I really want to make it clear that I never felt any sort of anger or hatred towards her (the new woman in his life); she was sort of just like a bat that I could use to beat myself with - everything I felt insecure about, all the reasons I could imagine that he had decided he didn’t want me, I now had a perfect example of someone who I could tell myself was the opposite. She was right, and I was wrong, and it had been proved. It is irrational and embarrassing and honestly a little uncomfortable to share, but it is also honest, and there is always merit in honesty. 

I think existing in a public space since the age of fifteen has no doubt warped the way I see myself, and as much as I so firmly believe that your body is the least interesting thing about you, as a young woman in an industry so concerned with youth, image, and desirability, it’s been hard not to constantly fix that lens on myself. I really want to implore anyone reading this that you are more than the body you exist in, but whilst I absolutely know that, I also believe that music is an art form for expressing all thoughts, even the ugliest, most flawed ones.

So I wrote this song, about vulnerability and how it stings when it's used against you - about my relationship with my body.

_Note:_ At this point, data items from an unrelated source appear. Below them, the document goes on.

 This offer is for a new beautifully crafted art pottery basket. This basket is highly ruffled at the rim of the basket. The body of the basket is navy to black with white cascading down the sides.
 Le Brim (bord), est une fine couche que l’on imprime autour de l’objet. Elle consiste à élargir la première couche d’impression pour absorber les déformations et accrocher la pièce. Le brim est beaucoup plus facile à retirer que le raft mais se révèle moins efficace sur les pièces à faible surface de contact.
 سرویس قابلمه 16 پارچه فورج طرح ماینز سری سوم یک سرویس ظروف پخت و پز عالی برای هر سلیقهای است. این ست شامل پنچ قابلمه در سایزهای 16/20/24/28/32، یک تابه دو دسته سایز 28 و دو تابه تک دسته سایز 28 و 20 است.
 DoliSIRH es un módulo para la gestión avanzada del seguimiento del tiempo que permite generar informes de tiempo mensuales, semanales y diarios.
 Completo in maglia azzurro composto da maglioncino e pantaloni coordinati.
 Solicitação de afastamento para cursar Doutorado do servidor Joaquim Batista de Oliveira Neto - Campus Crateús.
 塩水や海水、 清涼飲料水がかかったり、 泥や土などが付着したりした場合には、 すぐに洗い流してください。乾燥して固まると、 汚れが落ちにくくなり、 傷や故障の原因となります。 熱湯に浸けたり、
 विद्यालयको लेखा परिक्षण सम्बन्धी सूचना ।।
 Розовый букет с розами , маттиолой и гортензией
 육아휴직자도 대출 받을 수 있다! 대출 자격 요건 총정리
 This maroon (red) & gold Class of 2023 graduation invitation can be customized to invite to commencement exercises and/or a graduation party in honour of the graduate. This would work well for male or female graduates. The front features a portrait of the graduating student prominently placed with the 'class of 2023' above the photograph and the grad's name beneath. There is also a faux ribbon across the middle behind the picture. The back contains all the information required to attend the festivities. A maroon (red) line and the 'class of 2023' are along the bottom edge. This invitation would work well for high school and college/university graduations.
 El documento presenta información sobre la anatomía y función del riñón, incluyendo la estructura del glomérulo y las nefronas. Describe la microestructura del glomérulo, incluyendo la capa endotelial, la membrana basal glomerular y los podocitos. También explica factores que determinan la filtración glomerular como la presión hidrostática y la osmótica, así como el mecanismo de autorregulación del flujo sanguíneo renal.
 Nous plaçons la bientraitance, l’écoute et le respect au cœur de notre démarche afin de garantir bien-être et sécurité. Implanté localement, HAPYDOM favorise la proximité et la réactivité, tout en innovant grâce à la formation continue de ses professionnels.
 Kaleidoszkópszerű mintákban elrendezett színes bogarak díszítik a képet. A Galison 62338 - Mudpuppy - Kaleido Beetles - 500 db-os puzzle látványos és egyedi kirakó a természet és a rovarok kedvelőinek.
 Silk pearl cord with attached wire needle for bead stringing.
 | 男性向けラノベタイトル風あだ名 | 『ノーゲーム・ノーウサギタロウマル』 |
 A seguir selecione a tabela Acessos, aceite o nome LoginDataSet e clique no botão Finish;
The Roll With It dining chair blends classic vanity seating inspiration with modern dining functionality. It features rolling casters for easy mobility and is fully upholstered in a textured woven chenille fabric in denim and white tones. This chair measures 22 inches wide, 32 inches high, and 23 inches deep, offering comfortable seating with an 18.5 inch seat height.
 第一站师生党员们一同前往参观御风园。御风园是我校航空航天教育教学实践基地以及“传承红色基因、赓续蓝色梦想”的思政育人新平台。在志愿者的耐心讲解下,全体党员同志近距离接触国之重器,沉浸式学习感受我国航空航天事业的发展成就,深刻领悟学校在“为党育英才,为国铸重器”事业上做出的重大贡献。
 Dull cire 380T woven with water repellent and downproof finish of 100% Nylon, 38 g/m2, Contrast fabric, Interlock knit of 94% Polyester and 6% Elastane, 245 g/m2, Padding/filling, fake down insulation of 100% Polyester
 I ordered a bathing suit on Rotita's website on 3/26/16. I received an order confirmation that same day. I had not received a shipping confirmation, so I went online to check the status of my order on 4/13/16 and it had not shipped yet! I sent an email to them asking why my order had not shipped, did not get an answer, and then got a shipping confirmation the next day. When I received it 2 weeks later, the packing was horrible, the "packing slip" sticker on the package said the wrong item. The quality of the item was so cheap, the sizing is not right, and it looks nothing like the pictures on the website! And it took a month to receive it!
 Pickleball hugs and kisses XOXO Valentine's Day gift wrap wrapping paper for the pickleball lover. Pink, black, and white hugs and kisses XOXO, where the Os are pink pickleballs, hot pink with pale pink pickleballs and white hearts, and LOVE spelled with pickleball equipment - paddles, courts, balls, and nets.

And I wrote it without thinking anyone would ever hear it, because that’s how all the most candid songs are written. Now it is being heard, and it feels very strange - kind of like sending that bitter and twisted text you drafted at 3am one night, to someone who is now more of a stranger than anything else. It was healing to write it, and I hope it’s healing to hear it - honesty is difficult, but worthwhile, and I hope this song shows that.